Stored records:
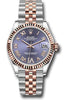 31mm Everose Rolesor case comprised of Oystersteel and 18K Everose gold, screw-down back, screw-down crown with twinlock double waterproofness system, 18K Everose gold fluted bezel, scratch-resistant sapphire crystal with cyclops lens over the date, aubergine dial, Roman numerals with diamond set 6, Rolex calibre 2236 perpetual self-winding movement with date at 3 o'clock, approximately 55 hours of power reserve, Everose Rolesor Jubilee bracelet with semi-circular three-piece links, concealed folding Crownclasp buckle. Waterproof to 100 meters. Baselworld 2019 release.
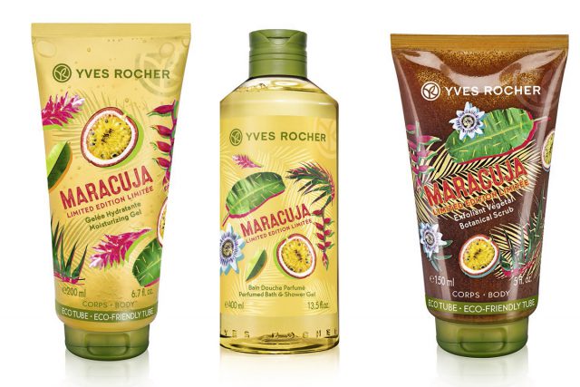 Лимитированная коллекция средств «Маракуйя», Yves Rocher (гель для душа – 200 мл, 149 р., эксфолиант для тела – 150 мл, 349 р., увлажняющий гель для тела – 200 мл, 349 р.)
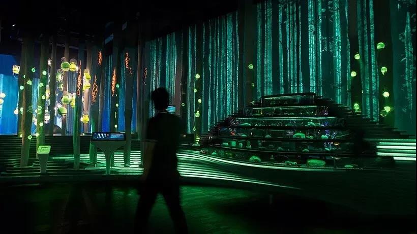 在西班牙館的底層,是一個3D沉浸式人造森林,稱為"智能森林 "。這個展區(qū)向我們展示了一個充滿希望的可持續(xù)發(fā)展未來。
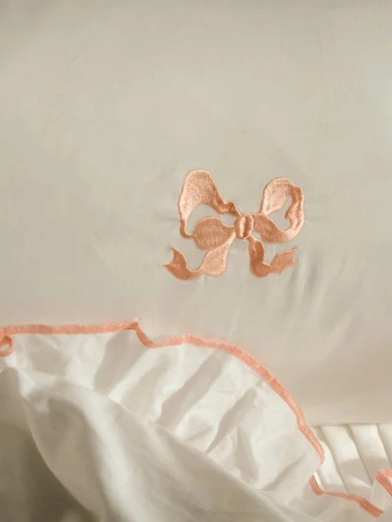 Introducing the exclusive Sukun x The Go-To Arabella Bow Ruffle Frill Pillowcases. Made from luxurious 300 thread count, 100% fine cotton with a buttery soft finish.
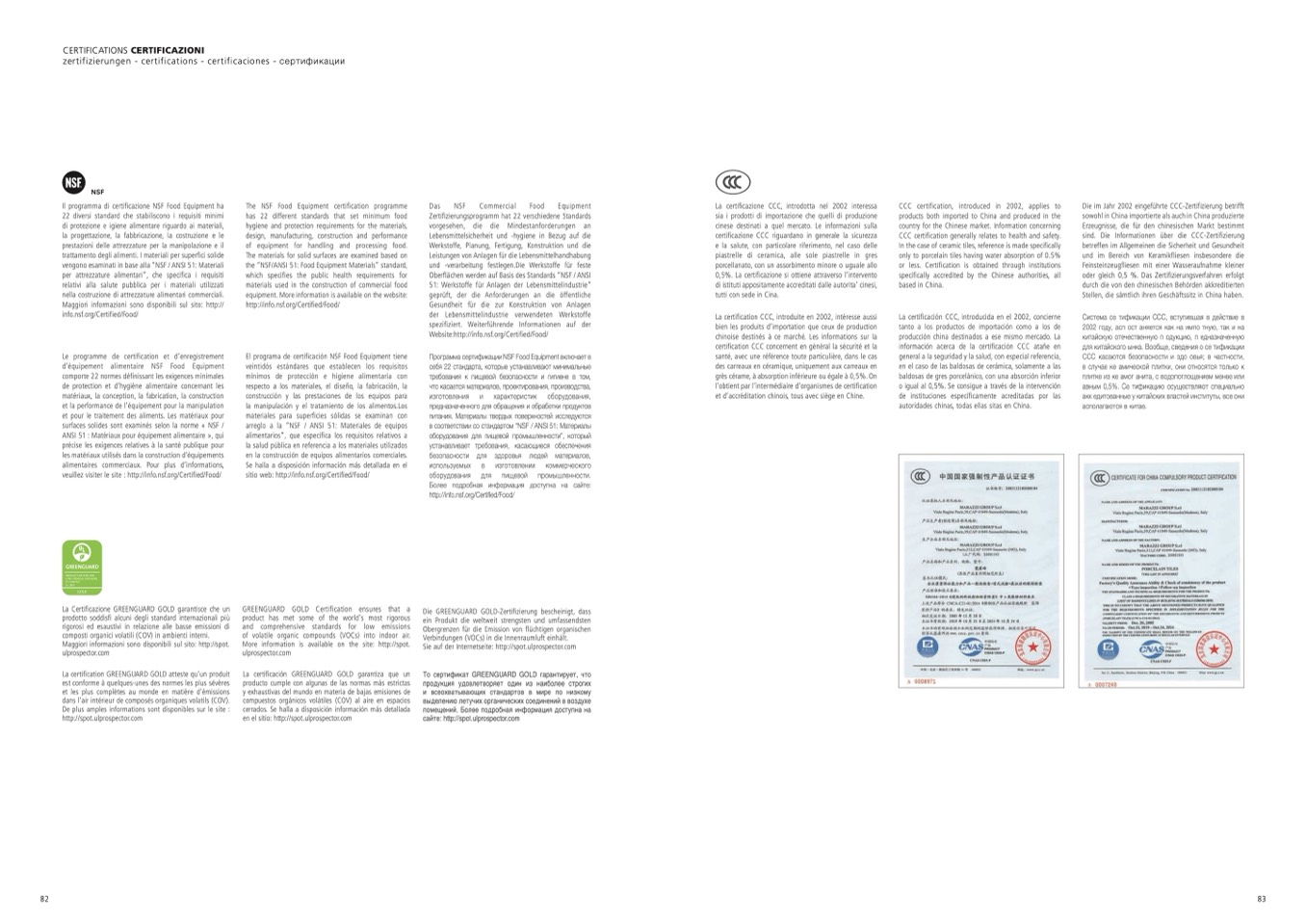 CERTIFICATIONS CERTIFICAZIONI

### Task details:
Retype, without any picture, exactly the lines from the one with "Introducing the exclusive" through the end of the entries, inclusive.

### Task response:
 Introducing the exclusive Sukun x The Go-To Arabella Bow Ruffle Frill Pillowcases. Made from luxurious 300 thread count, 100% fine cotton with a buttery soft finish.
 CERTIFICATIONS CERTIFICAZIONI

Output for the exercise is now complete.